Karir dan Studi

Profesi Pilot Pasca Covid 19 – Masih Ada Harapan?

Pilot cewek

Ketika Pandemi Covid 19 melanda dunia, industri yang paling parah terdampak adalah pariwisata dan penerbangan. Tidak ada orang bepergian; tidak ada orang berwisata. Semua tinggal di rumah dan hanya keluar rumah untuk urusan penting saja.

Akibatnya, banyak karyawan hotel, jasa catering, restoran, kopi, dan perusahaan penerbangan harus dirumahkan. Ada yang gajinya dipotong. Tidak sedikit yang di PHK, tak terkecuali pilot, profesi yang sering dikaitkan dengan gengsi dan gaji wah. Beberapa tetangga saya yang bekerja sebagai pilot hanya menerima 10% dari gaji bulanannya. Beberapa lainnya malahan terkena pemutusan hubungan kerja.

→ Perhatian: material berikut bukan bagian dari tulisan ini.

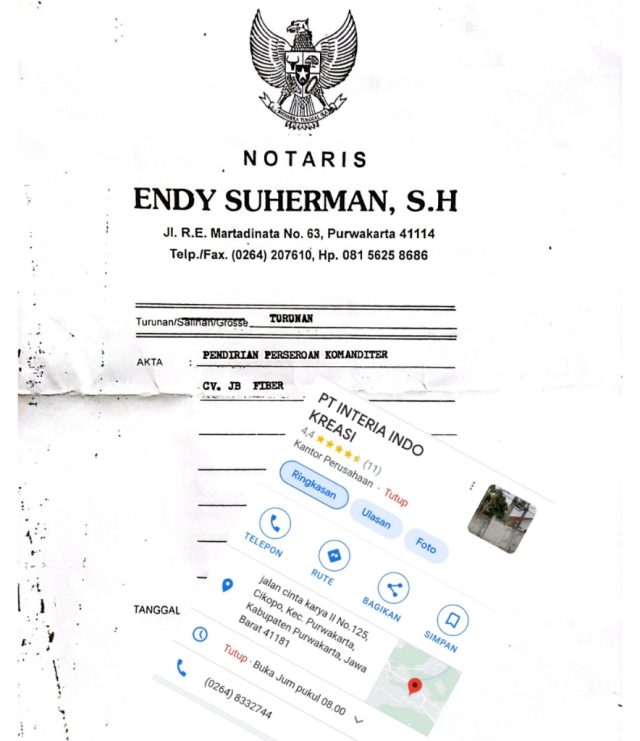 Sebelumnya CV JB Fiber yang merupakan milik dari Nurhayati Komalasari sebagai Dirut berdasarkan akte notaris belum pernah memberikan atau memindahkan CV JB Fiber menjadi PT Interia Indo Kreasi, bahkan pihak Satpol PP Kabupaten Purwakarta sempat memberhentikan produksi CV JB Fiber karena belum membayar retribusi IMB.
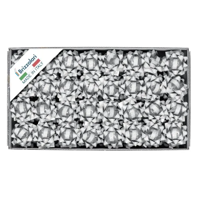 36 olika eller enfärgade rosetter i glittrad polypropen, användbara för att dekorera dina presentförpackningar.
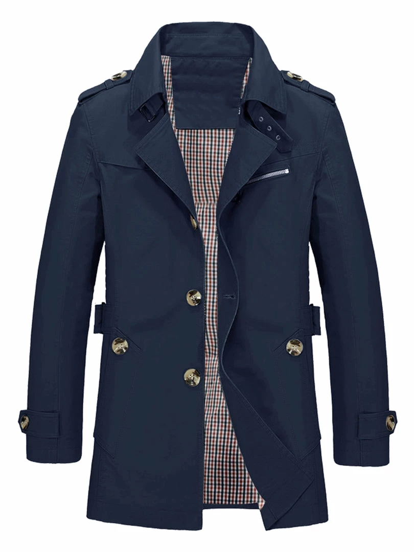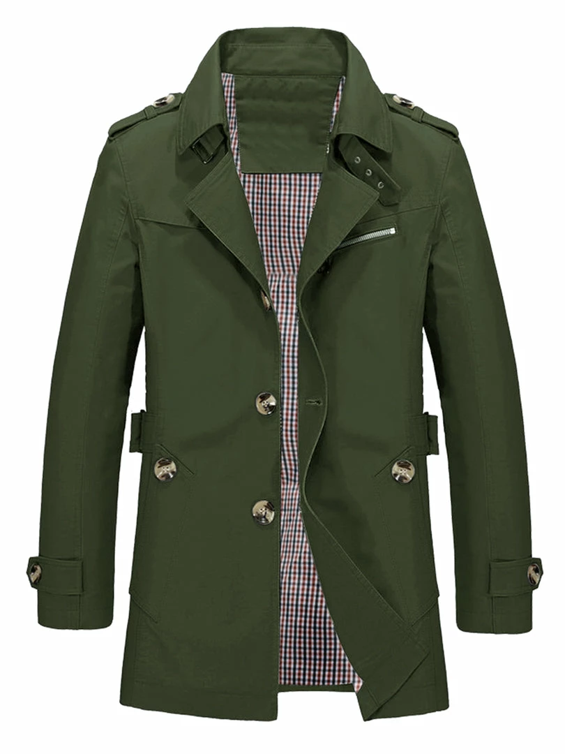 Notched collar, single breasted closure, classic trench coat for men.
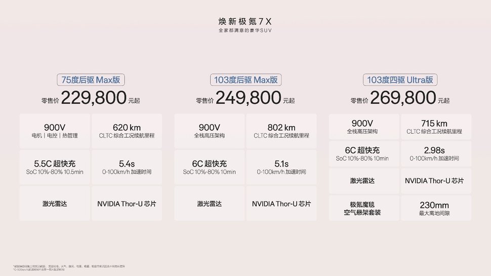 煥新極氪7X在高價值、好口碑的基礎上,在空間、性能、安全、智能四大維度豪華進階,全系搭載900V電機、電控及熱管理系統,全系標配5.5C或6C超快充,全系標配激光雷達及算力高達700TOPS的Thor-U輔助駕駛芯片,全系標配137項豪華配置,重塑全球家庭豪華SUV新標桿。

Belum lama ini, saya dan Ina Liem bertemu dan ngobrol panjang lebar dengan dua kapten pilot yang sudah puluhan tahun bekerja di industri penerbangan. Dengan protokol kesehatan memadai tentunya. Yang pertama adalah Capt. Daryanto yang sebentar lagi pensiun, dan Capt. Darmadi. Yang disebut terakhir ini bukan hanya mantan pilot. Beliau pernah menjabat sebagai direktur utama AirAsia Indonesia sekaligus salah satu pemegang saham di perusahaan tersebut. Beberapa poin penting dari obrolan kami saya tulis di bawah ini.

Kuliah singkat, masa depan yang cerah?

Selama ini perusahaan penerbangan kita menerima pilot lulusan pendidikan setara diploma. Umumnya pendidikan mereka berlangsung sekitar setahun hingga 18 bulan. Sangat singkat, alasan yang diprioritaskan adalah penguasaan skill dalam menerbangkan pesawat. Bayangkan betapa beruntungnya mereka. Ketika lulus pendidikan singkat ini, gaji seorang co pilot sudah jauh di atas lulusan universitas pada umumnya.

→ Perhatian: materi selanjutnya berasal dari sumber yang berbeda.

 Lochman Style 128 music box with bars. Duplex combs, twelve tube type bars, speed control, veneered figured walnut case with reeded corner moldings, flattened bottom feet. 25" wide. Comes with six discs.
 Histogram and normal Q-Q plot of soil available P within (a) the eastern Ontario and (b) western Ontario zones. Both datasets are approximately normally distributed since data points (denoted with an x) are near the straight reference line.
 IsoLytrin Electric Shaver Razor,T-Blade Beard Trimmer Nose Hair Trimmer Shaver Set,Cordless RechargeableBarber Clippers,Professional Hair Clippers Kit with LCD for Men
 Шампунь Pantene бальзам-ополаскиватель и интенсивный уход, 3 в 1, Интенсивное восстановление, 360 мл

Karena prospeknya cerah dan banyak peminatnya, beberapa sekolah penerbangan pun bermunculan dengan uang kuliah bervariasi. Uang kuliah di sekolah terkenal terkesan sangat mahal. Orang pun mencari alternatif yang lebih murah. Wajar. Untuk, muncullah sekolah penerbangan berbiaya lebih terjangkau, salah satunya di negeri tetangga. Banyak anak Indonesia belajar ke sana. Dari, buat apa bayar mahal kalau di tempat yang lebih murah lulusannya tetap bisa jadi pilot?

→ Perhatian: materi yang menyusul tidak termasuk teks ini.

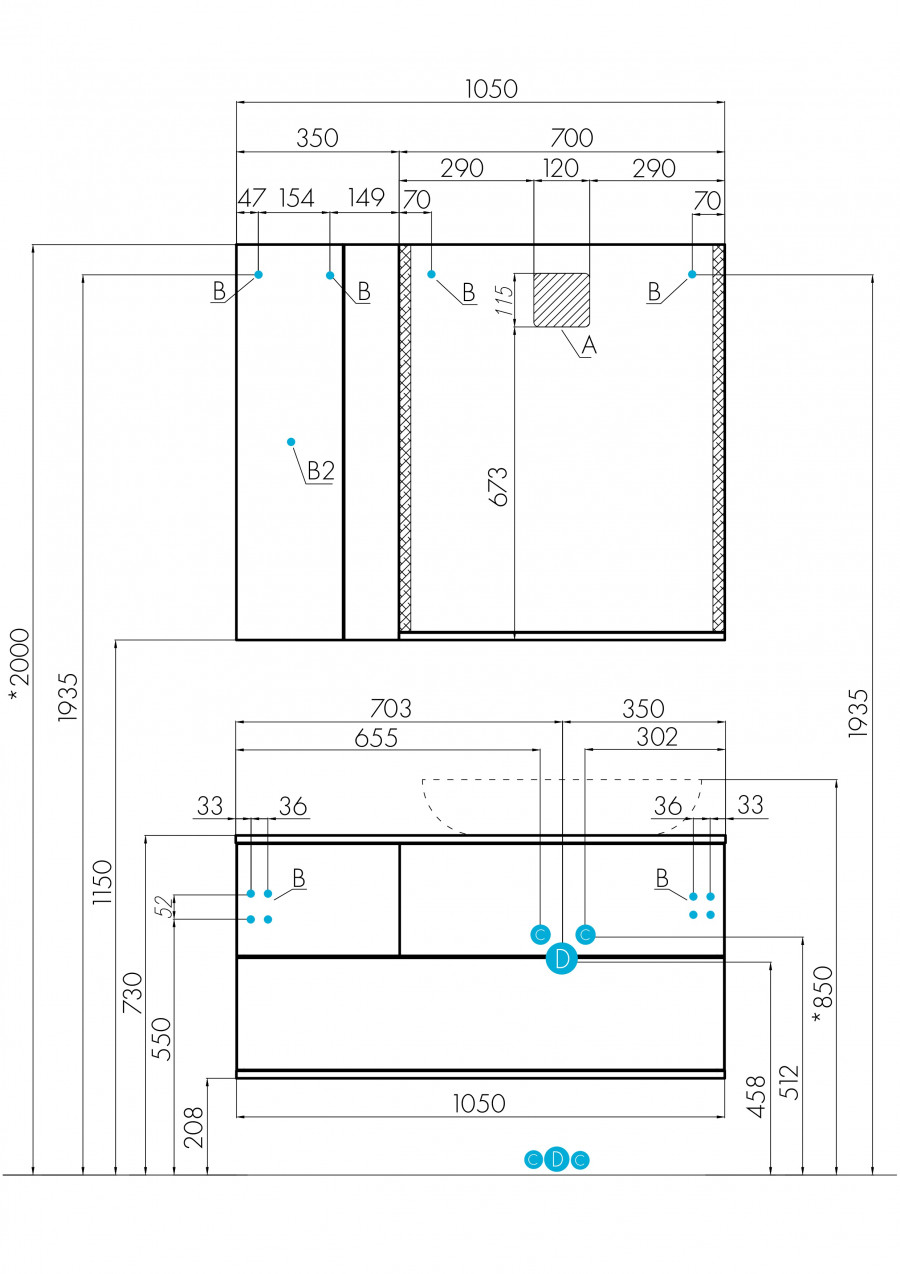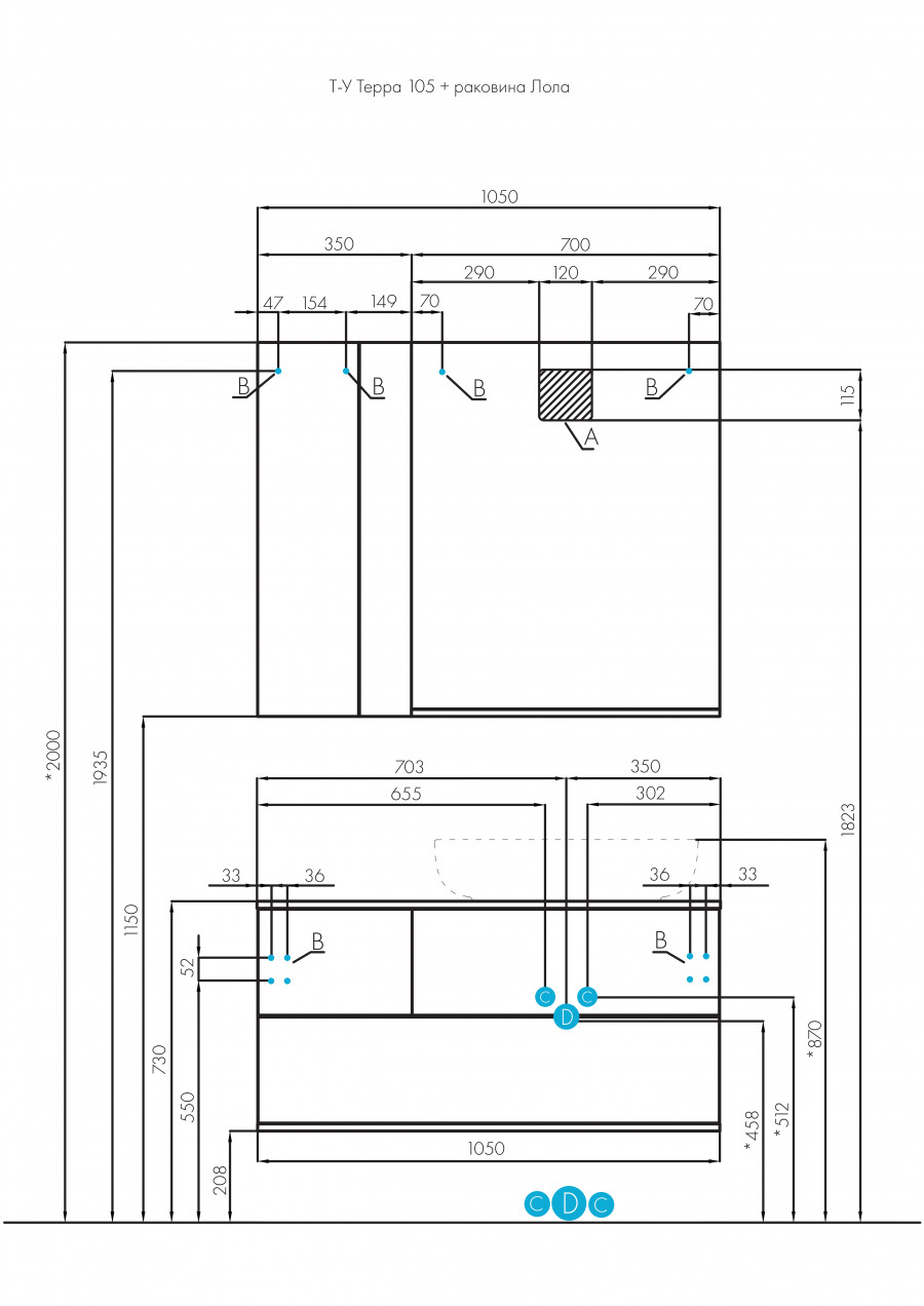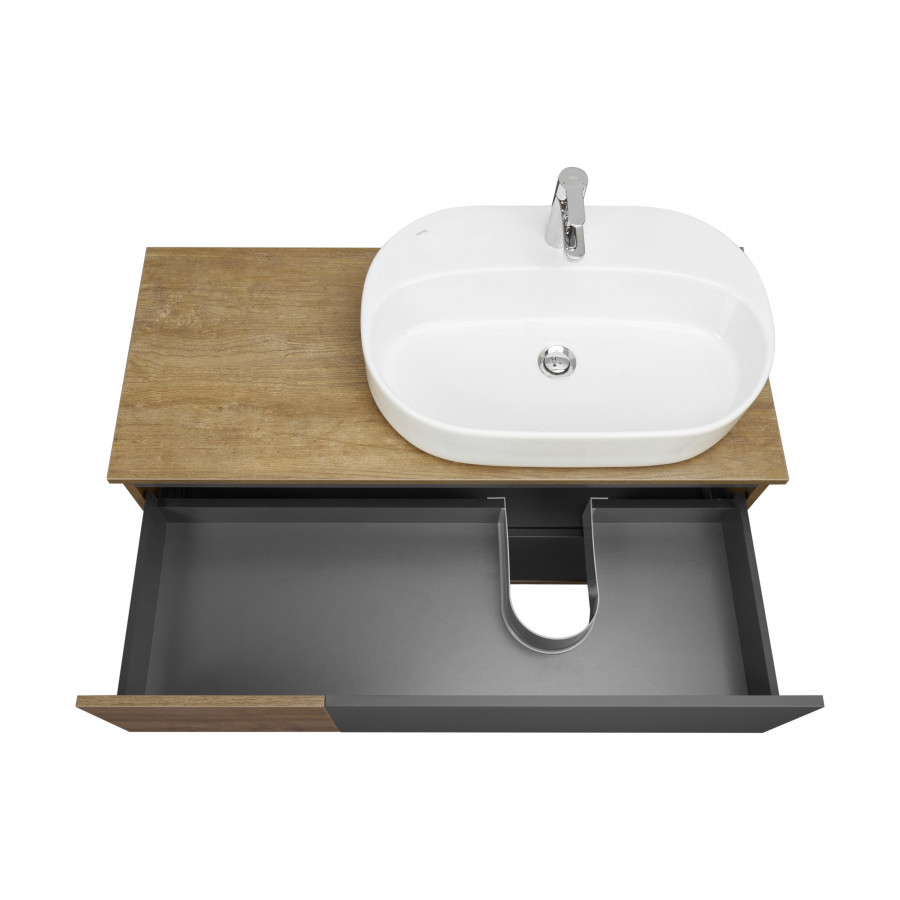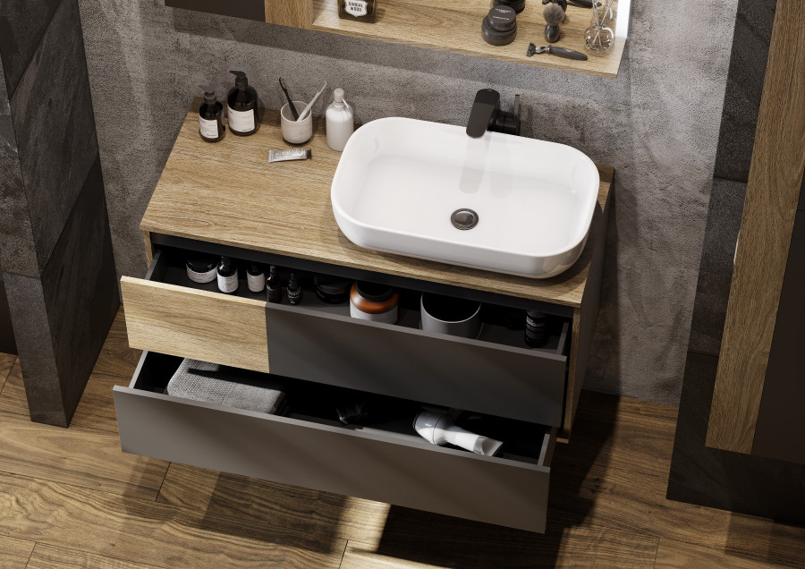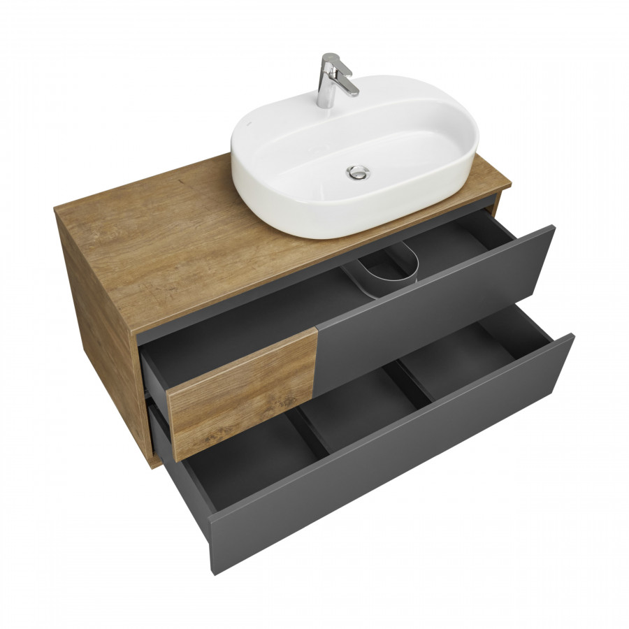 Коллекция Терра сочетает стильные оттенки: дуб кантри и антрацит. Текстуры на тумбе Терра 105 расположены ассиметрично: столешница, корпус и вставка на верхнем ящике - влагостойкое ДСП с текстурой дуб кантри, фасады ящиков - матовая серая пленка антрацит. Тумба умывальник состоит из двух вместительных ящиков, открывающихся с помощью системы push-to-open, нижний ящик комплектуется системой организации пространства, которая препятствует смещению мелких косметических и гигиенических средств.

Tapi kemudian muncul masalah. Dalam praktiknya, banyak lulusan sekolah penerbangan bertarif murah ditolak bekerja di perusahaan penerbangan tertentu. Mengapa? Ternyata, sekolahnya “nakal”. Untuk menerbangkan pesawat komersial, lulusan sekolah pilot harus mengantongi minimal 156 jam terbang. Karena latihan terbang dengan pesawat (bukan dengan simulator) biayanya jutaan rupiah sekali terbang, manipulasi jam terbang jadi marak. SIswa yang belum mencapai jumlah jam terbang minimal tetap diluluskan.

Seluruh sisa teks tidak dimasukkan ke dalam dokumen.